▶ [DATA LISTING]
·····

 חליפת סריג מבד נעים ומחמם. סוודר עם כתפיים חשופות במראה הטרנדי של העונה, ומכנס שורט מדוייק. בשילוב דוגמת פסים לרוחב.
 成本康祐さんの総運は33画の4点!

·····

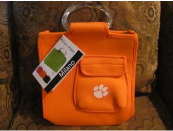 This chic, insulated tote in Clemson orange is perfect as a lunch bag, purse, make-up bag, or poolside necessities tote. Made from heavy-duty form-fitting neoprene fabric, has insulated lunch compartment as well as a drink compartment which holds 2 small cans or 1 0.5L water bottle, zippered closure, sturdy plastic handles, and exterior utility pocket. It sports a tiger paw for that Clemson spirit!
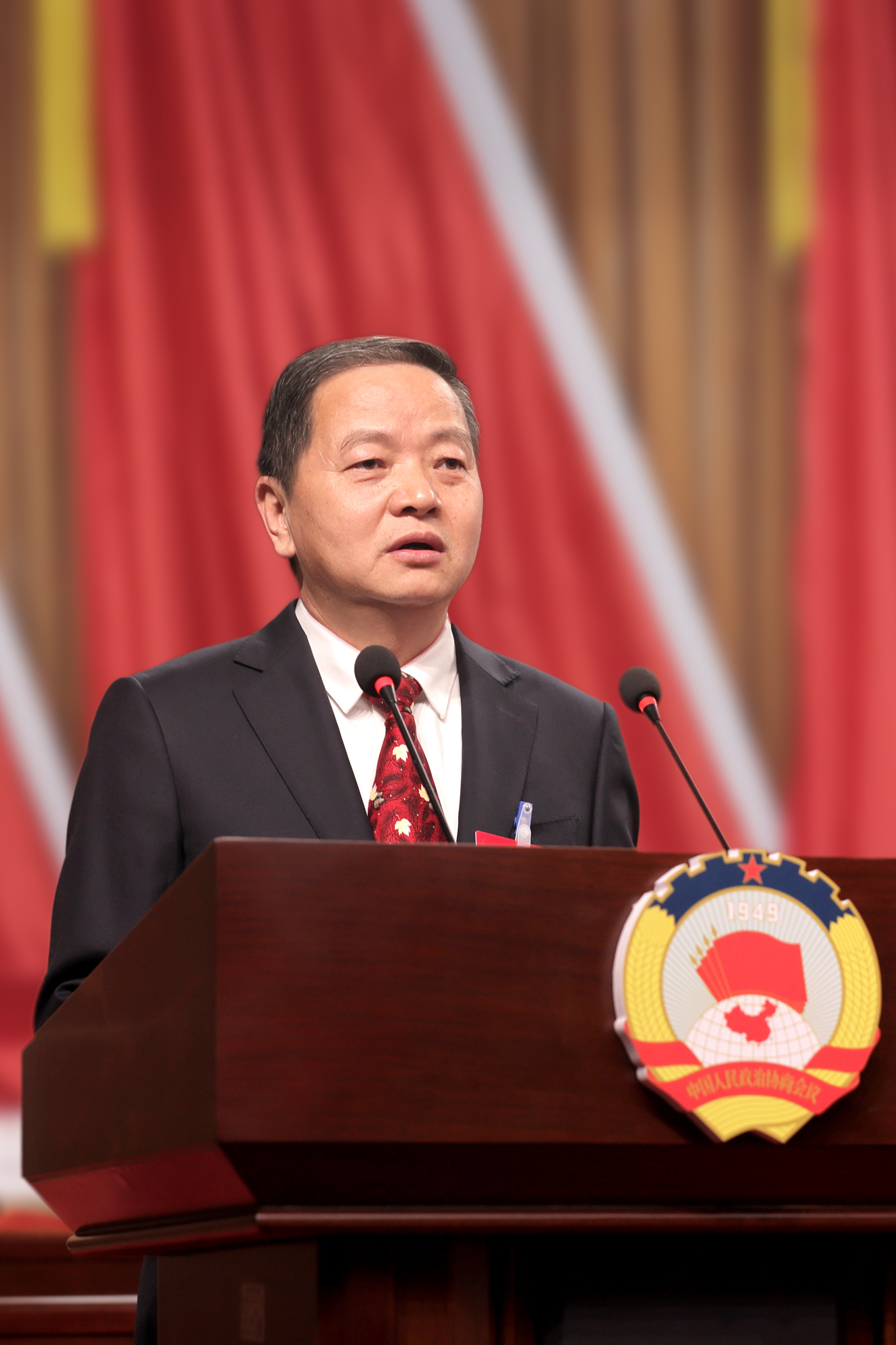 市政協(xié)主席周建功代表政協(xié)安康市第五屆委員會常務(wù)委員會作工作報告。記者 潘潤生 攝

·····

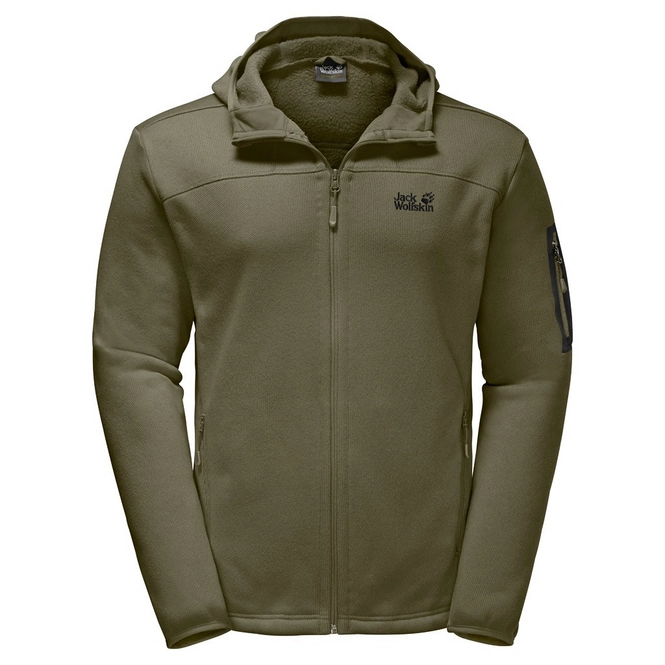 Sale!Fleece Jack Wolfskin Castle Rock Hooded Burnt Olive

·····

▶ [TASK TO CARRY OUT] In the listing above, locate the line containing "חליפת סריג מבד" and the line containing "成本康祐さんの総運は33画の4点!". Extract those two lines and every line between them, exactly as written, and only those.

▶ [RESULT BELOW]
 חליפת סריג מבד נעים ומחמם. סוודר עם כתפיים חשופות במראה הטרנדי של העונה, ומכנס שורט מדוייק. בשילוב דוגמת פסים לרוחב.
 成本康祐さんの総運は33画の4点!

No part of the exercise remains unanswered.